* [Task description]
Starting with the line that has "아울러 신재생에너지별 보급편차도" and finishing with the line that has "Даротек, студия текстильного", set down each line below exactly. Pictures are not copied.

:: Information shown ::

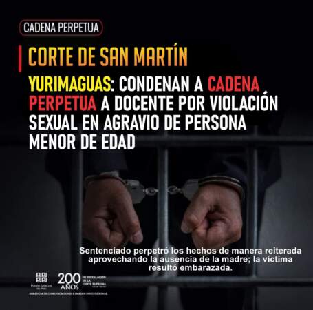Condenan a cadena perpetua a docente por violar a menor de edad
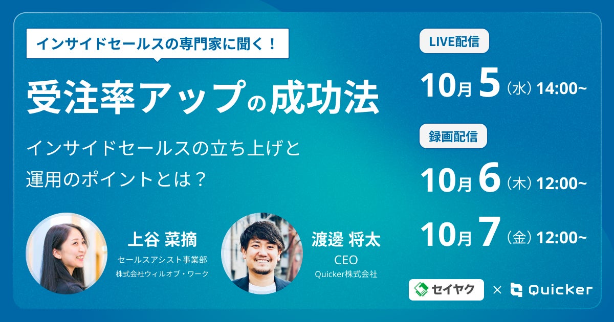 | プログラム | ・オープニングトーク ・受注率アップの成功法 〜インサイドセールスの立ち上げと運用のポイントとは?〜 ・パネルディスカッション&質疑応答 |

:::
:: Information shown ::

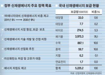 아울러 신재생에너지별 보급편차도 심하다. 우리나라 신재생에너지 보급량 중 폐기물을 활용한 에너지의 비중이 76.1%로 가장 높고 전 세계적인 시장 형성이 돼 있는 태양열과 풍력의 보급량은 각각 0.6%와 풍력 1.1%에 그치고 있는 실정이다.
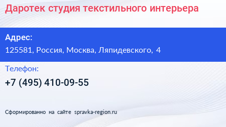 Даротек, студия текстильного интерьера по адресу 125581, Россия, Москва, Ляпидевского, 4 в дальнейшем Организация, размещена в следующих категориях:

:::

* [Task output]
 아울러 신재생에너지별 보급편차도 심하다. 우리나라 신재생에너지 보급량 중 폐기물을 활용한 에너지의 비중이 76.1%로 가장 높고 전 세계적인 시장 형성이 돼 있는 태양열과 풍력의 보급량은 각각 0.6%와 풍력 1.1%에 그치고 있는 실정이다.
 Даротек, студия текстильного интерьера по адресу 125581, Россия, Москва, Ляпидевского, 4 в дальнейшем Организация, размещена в следующих категориях:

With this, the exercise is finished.